• Brief:
Repeat the records exactly, with one exception: no images.

• Supplied records:
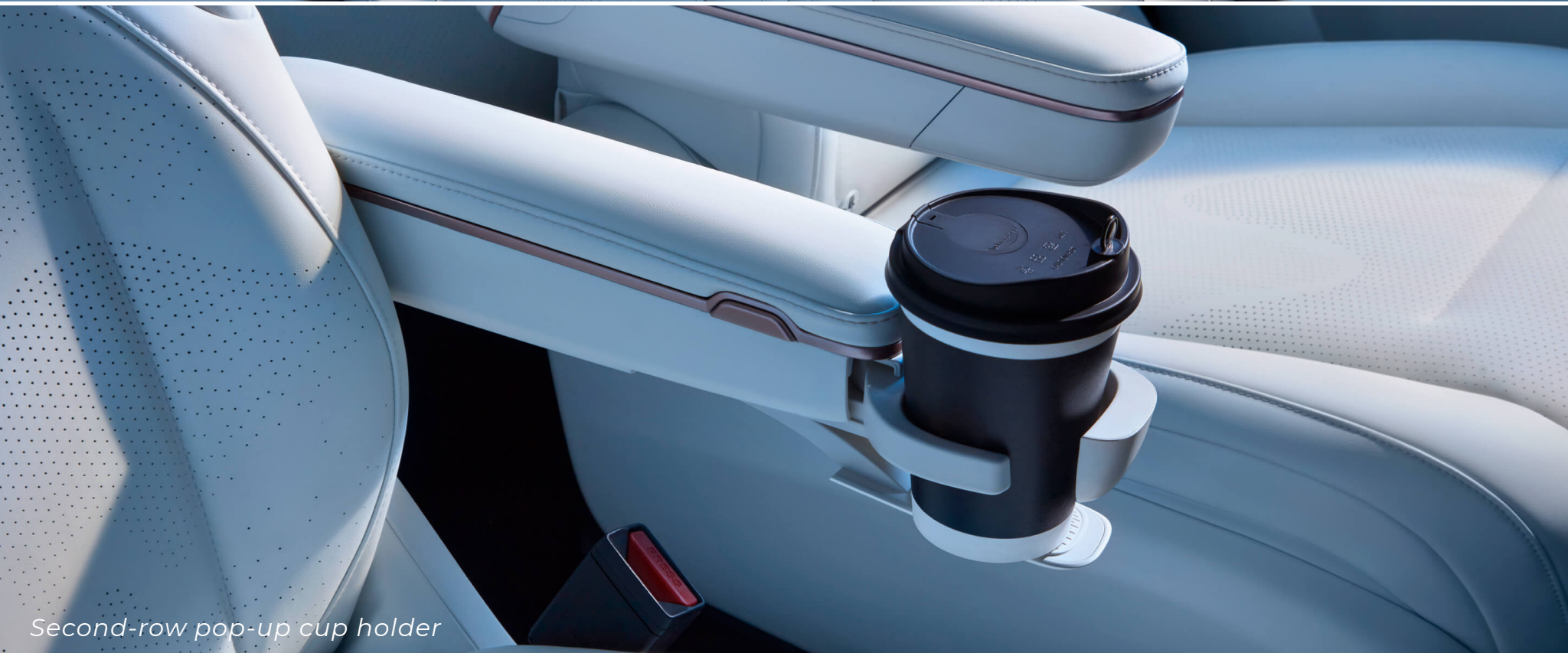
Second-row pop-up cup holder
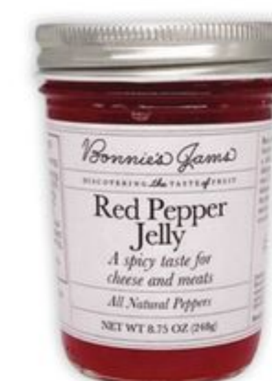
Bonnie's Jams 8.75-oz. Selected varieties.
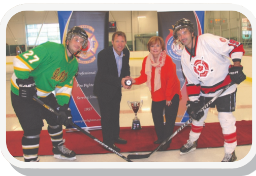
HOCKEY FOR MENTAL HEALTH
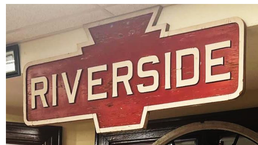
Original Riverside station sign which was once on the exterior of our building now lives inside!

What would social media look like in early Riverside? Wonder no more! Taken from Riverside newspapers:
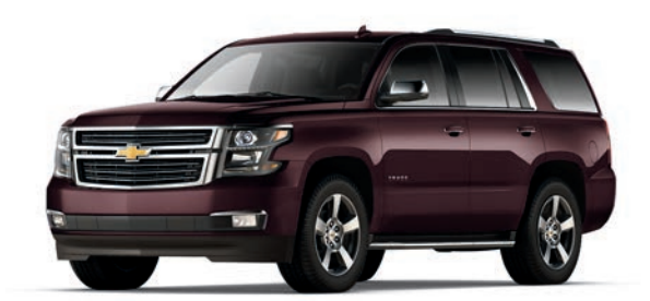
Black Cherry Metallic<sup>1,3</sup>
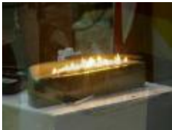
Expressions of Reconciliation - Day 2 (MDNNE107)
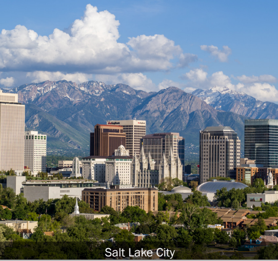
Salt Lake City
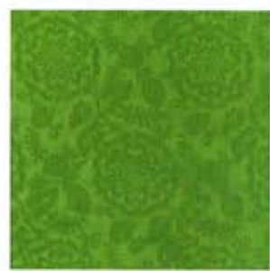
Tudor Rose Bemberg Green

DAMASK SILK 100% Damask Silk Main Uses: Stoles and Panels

• Reply:
Second-row pop-up cup holder
Bonnie's Jams 8.75-oz. Selected varieties.
HOCKEY FOR MENTAL HEALTH
Original Riverside station sign which was once on the exterior of our building now lives inside!

What would social media look like in early Riverside? Wonder no more! Taken from Riverside newspapers:
Black Cherry Metallic<sup>1,3</sup>
Expressions of Reconciliation - Day 2 (MDNNE107)
Salt Lake City
Tudor Rose Bemberg Green

DAMASK SILK 100% Damask Silk Main Uses: Stoles and Panels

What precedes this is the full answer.